Присмотрелись, а в мате, которым прикрывают колёса от солнца, гнездо. С внутренней стороны. Между лозинами. И в гнезде четыре бледно-голубых яичка, попятнанные бурыми веснушками.
Маты мы плели в части сами, за хмызом ходили на болото.
И как поставили, то вскоре заметили, что возле одного из них вьётся овсянка. Сядет сверху, хвостом повертит и нырнёт куда-то вглубь. Скроется. Небольшая такая, величиною чуть поменьше воробья будет.
Стали мы во время занятий щит с конопатенькими яичками не отставлять, а немного отклонять от колеса. Остальные откидываем, а этот бережно отклоняем и подпираем рогатиной. Отзанимаемся — снова приставляем на место. И овсянка привыкла и уже не выпархивала, когда мы подходили, а только выжидающе смотрела крупным, с чуть радужным отливом, глазом из-за лозины — доверять или не доверять?
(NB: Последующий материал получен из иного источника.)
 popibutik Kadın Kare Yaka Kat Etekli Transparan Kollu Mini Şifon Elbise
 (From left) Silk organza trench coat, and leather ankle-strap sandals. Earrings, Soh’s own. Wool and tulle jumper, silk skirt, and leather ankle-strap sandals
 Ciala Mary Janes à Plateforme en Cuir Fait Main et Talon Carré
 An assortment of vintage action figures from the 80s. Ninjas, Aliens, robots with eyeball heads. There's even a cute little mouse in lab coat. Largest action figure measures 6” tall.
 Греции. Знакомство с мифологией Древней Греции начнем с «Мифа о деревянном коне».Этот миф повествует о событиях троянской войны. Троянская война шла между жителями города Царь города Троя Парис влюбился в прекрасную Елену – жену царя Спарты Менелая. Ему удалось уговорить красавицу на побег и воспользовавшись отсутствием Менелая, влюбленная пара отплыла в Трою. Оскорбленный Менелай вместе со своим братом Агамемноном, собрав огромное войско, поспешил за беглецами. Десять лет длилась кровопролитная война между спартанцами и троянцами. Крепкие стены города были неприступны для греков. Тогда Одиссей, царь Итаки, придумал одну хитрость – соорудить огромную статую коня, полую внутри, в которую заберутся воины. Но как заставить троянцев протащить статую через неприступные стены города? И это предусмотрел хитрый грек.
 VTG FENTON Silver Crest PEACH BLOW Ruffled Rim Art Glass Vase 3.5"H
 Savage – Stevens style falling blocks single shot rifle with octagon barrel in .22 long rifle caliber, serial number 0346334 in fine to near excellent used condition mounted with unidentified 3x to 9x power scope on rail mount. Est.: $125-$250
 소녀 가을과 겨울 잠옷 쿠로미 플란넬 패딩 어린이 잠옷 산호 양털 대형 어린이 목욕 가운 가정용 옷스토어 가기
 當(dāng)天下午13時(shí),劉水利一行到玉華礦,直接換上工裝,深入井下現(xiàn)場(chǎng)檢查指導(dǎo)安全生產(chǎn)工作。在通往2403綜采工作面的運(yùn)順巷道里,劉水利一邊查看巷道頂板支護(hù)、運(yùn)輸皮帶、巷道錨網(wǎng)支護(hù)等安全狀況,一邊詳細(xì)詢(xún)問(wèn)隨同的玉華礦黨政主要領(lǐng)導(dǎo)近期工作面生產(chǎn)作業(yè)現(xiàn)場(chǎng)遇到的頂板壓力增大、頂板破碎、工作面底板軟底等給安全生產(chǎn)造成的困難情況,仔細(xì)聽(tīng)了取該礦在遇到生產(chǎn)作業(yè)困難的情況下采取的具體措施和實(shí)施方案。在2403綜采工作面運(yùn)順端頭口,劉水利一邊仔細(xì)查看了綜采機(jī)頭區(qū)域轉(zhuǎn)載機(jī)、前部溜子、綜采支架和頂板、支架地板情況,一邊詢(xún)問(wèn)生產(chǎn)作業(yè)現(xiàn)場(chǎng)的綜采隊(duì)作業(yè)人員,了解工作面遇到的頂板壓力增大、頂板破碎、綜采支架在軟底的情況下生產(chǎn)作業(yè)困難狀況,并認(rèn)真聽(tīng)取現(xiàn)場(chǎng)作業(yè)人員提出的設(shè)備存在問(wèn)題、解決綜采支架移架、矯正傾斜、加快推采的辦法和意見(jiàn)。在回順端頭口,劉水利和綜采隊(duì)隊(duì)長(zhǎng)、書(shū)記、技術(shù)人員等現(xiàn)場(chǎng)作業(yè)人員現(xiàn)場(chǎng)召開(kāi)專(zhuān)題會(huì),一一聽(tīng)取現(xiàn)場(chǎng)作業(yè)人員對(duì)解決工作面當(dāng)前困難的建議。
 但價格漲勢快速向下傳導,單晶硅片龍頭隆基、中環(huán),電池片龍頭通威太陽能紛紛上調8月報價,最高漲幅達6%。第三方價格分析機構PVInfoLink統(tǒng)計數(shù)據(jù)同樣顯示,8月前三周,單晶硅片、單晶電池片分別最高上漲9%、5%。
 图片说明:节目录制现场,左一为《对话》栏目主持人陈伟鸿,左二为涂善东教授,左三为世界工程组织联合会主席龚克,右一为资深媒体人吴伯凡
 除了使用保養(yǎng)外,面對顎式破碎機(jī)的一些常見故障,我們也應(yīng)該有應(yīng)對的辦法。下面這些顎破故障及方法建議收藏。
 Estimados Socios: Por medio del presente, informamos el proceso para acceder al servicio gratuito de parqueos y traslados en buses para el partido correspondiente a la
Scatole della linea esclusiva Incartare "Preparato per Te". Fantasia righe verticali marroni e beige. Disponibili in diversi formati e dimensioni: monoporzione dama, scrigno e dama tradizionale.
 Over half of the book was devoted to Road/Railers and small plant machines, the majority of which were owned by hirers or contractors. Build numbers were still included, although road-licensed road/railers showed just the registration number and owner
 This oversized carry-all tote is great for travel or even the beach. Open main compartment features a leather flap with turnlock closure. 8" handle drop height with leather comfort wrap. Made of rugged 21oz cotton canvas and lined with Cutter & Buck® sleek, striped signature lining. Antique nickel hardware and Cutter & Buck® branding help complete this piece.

Даже во время тревоги, когда приходилось спешить, не вылетала. И все уже так сжились, что вовсе не мешали друг другу. Мы заняты своим делом, а она — своим, не менее важным. Птенцов выводит. Не обыкновенных, а ракетных. И так почему-то приятно, так хорошо, что рядом с огромной и грозной машиной такое нежное и крохотное существо. Отклоняем щит — сидит; приставляем — тоже сидит! А мы и лица отворачиваем, вида не подаём, что знаем о ней.
Так мы играли, пока не вывелись птенцы и овсянке стало вольнее. То за червячком надо смотаться, то семечко найти. Теперь вроде у нас игра в незнайки прекратилась, овсянка смотрит открыто в нашу сторону, как юркнуть в щиток с червячком, а мы следим, чтобы вовремя отойти и не мешать ей.
Вскоре птенцы подросли и вылетели. Считай, на ракете, вывелись. И когда они вышли, то мы щит с пустым гнёздышком не тронули. Пусть остаётся. На всякий случай. Может, овсянка прилетит на следующий год и снова выведет ракетных птенцов. И хотя её уже давно не было и гнездо пустовало, щит брали мы каждый раз осторожнее и с каким-то особым чувством. А вдруг там, из-за лозины, выглянет круглый, с радужным отливом, глазок».
С фронта я посылал матери письма и не думал, что она сбережёт их. А теперь взял побуревшую от времени пачку, перетянутую бечёвкой, добавил свежий конверт. С треугольничком, вместо марки и номером полевой почты, где обратный адрес. Вот как на моих. Пусть хранятся вместе.